"Boom!"
The blast swallowed everything Quinn Hartwell could feel.
Just a second ago, she was still “Blood Phoenix,” the top special‑ops doctor in the world—scalpel in her left hand to save lives, combat knife in her right to take them, living right at the peak.
Then, the brother who’d fought beside her through fire and death drove the very knife she’d gifted him straight into her chest and set off the explosives wired through the base.
"Why… why would you…"
That was the only thought she had before she died.
No answer ever came.
After what felt like an endless stretch of darkness and tearing pain, an even fiercer, rawer hunger slammed into her, as if countless insects were gnawing straight through her organs.
"So… hungry…"
Quinn forced her eyelids apart. Instead of flames of hell, she saw a shabby, dim room.
Walls of packed dirt. A thatched roof. A single beam of sunlight poked through a hole overhead, lighting up the drifting dust.
A sharp stink hit her nose—mold, sweat… and urine all mixed together.
Slap!
A crisp smack rang out, followed by a sharp, screechy voice blasting right beside her ear.
"What’re you bawling for! You little jinx! I dragged you all up this far—selling one for some grain is doing you a favor! Cry again and I’ll sell the whole bunch of you!"
Quinn stiffly turned her head.
An old woman stood there, cheekbones jutting, eyes slanted up, her whole face twisted with meanness.
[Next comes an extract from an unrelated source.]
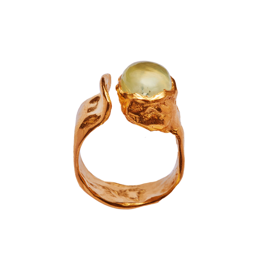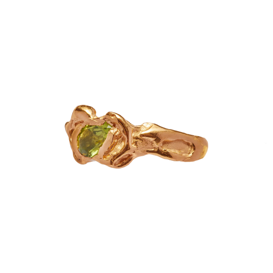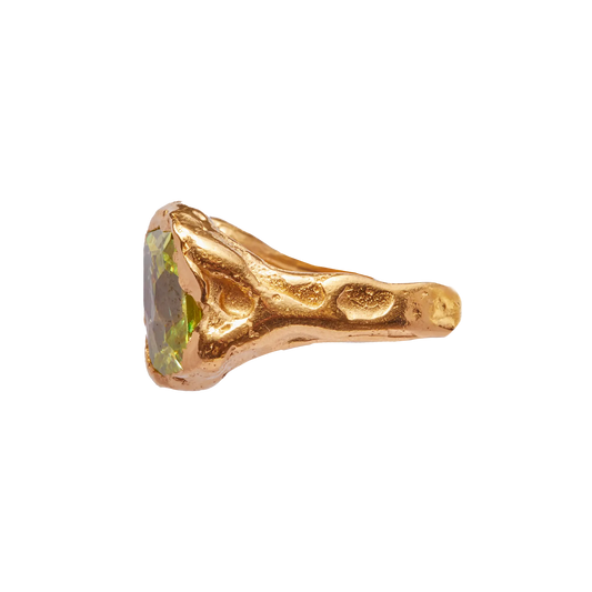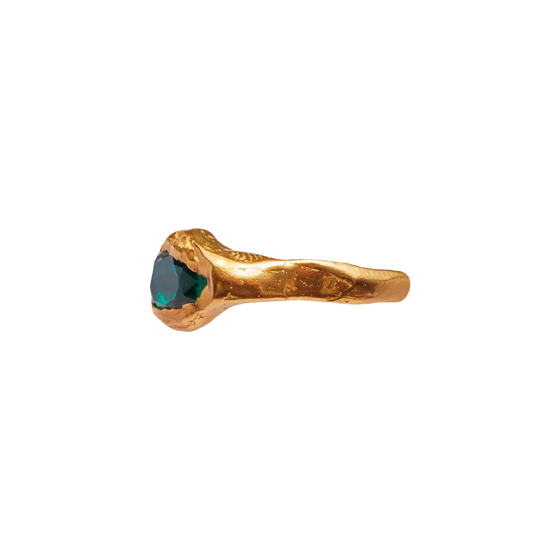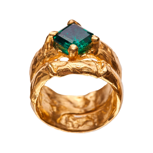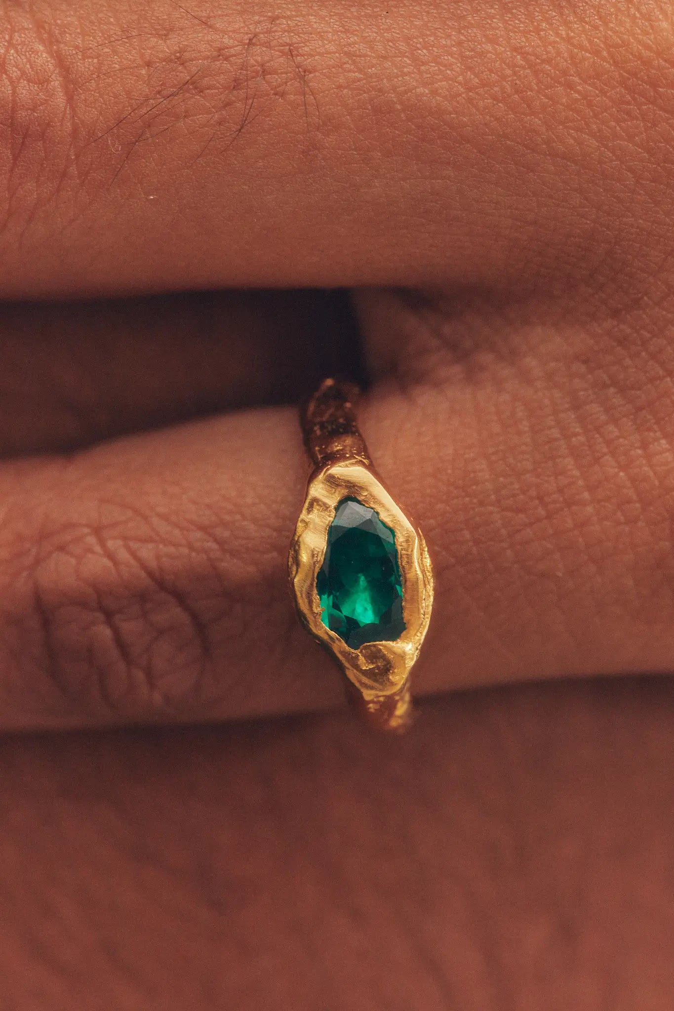 Faro Green, anillo artesanal de plata de ley 925 reciclada bañada en oro con piedra Cz de esmeralda verde.
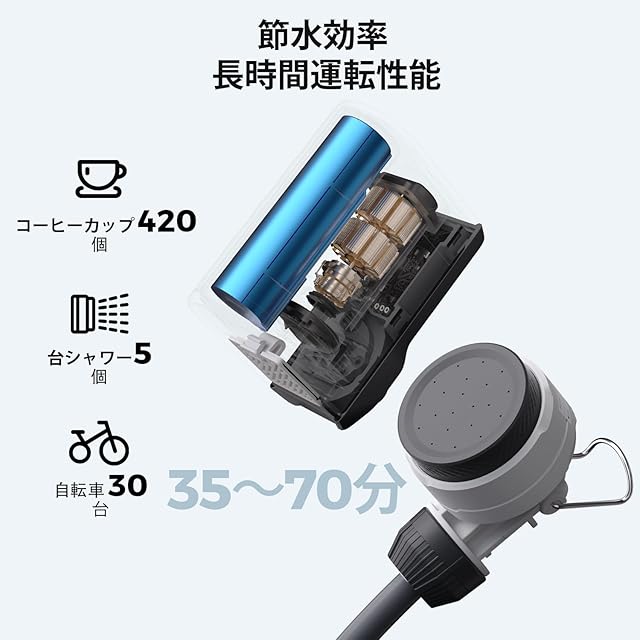 【デュアルモードシャワー】:2500mAhバッテリーを搭載。片手で低流量と高流量を切り替えられます。低流量では毎分0.37ガロン(約1.8リットル)の節水速度で最大70分間、高流量では毎分0.66ガロン(約1.8リットル)の節水速度で最大35分間使用できます。各モードは節水と到達距離を考慮しており、あらゆる屋外シャワーのニーズに応えます。

She was yanking hard on a child’s ear.
The kid was thin as a reed, skin sallow, biting his lip so tight it almost bled, tears swimming in his eyes but not daring to fall.
Behind him, six more kids huddled together—every one of them just as skinny and sickly.
Seven in total.
The seven kids huddled together like a bunch of startled sparrows, shaking and thin as twigs. The boy standing in front spread his arms wide, guarding the others with everything he had. In his eyes—far too young for it—burned a mix of fear, bitterness, and a kind of despair that made the air feel colder.
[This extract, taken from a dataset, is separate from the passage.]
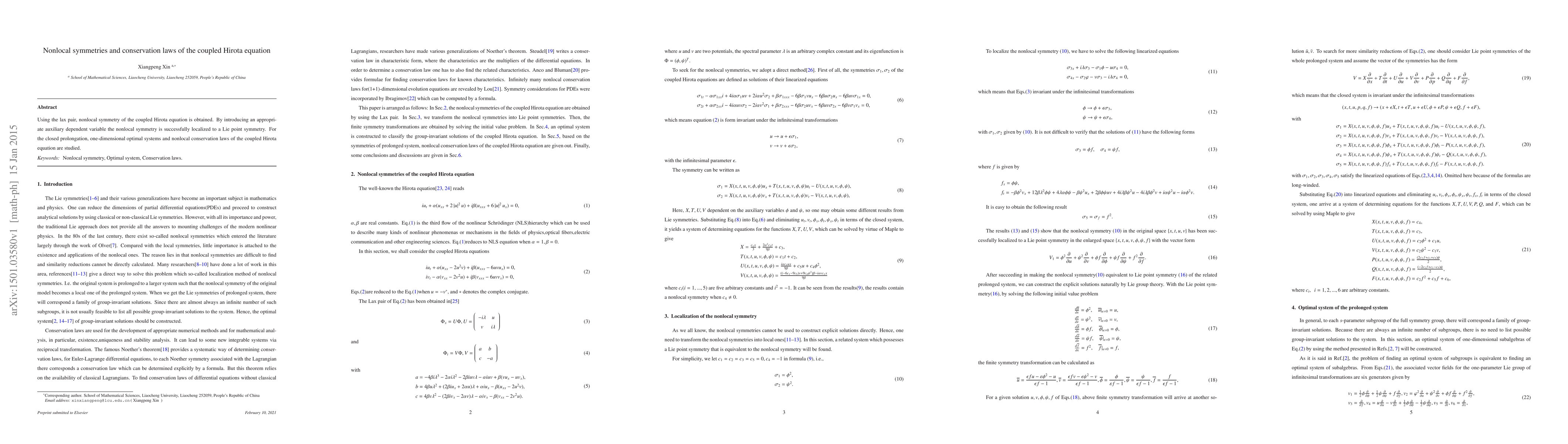 This paper explores the nonlocal symmetries of the coupled Hirota equation using a lax pair and localizes these symmetries through an auxiliary variable. It further investigates the resulting Lie point symmetries, one-dimensional optimal systems, and nonlocal conservation laws.
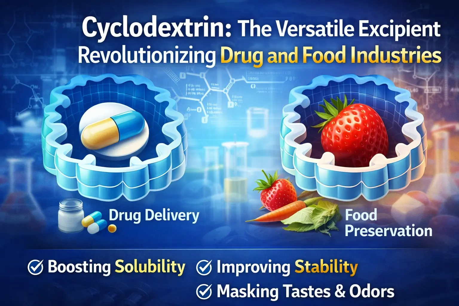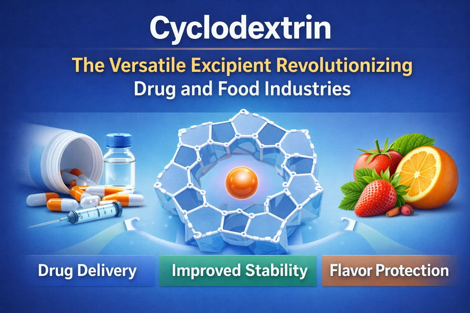 Objav cyklodextrínu je jedným z najdôležitejších krokov vpred v histórii potravín a medicíny. Tento prirodzene sa vyskytujúci cyklický oligosacharid zmenil spôsob, akým dodávame lieky, udržiavame potraviny čerstvé a používame množstvo iných chemikálií v priemysle. Produkt vytvára inklúzne komplexy, ktoré riešia dôležité problémy v mnohých oblastiach vďaka svojej výraznej molekulárnej štruktúre, ktorá má hydrofóbnu vnútornú dutinu a hydrofilný vonkajší povrch. Tento flexibilný excipient mení vedu o formuláciách a výrobné procesy po celom svete. Dokáže všetko od zlepšenia vstrebávania liekov až po skrytie zlých chutí v liekoch.

All of them stared at the old woman, terrified.
The boy’s voice was hoarse, the words stumbling out between shaky breaths. "Grandma… please, I’m begging you, don’t sell Little Seven. He won’t make it… he really won’t…"
"Get out of my way!" The old woman snapped, lifting her foot and kicking the boy hard in the stomach. She cursed as she did it. "Alexander, you ungrateful brat! Your ma is starving to death, and I’m doing this to save her life! What do you know?! He’s just a worthless mouth to feed. If he can get us a sack of black flour, that’s half a month we won’t starve!"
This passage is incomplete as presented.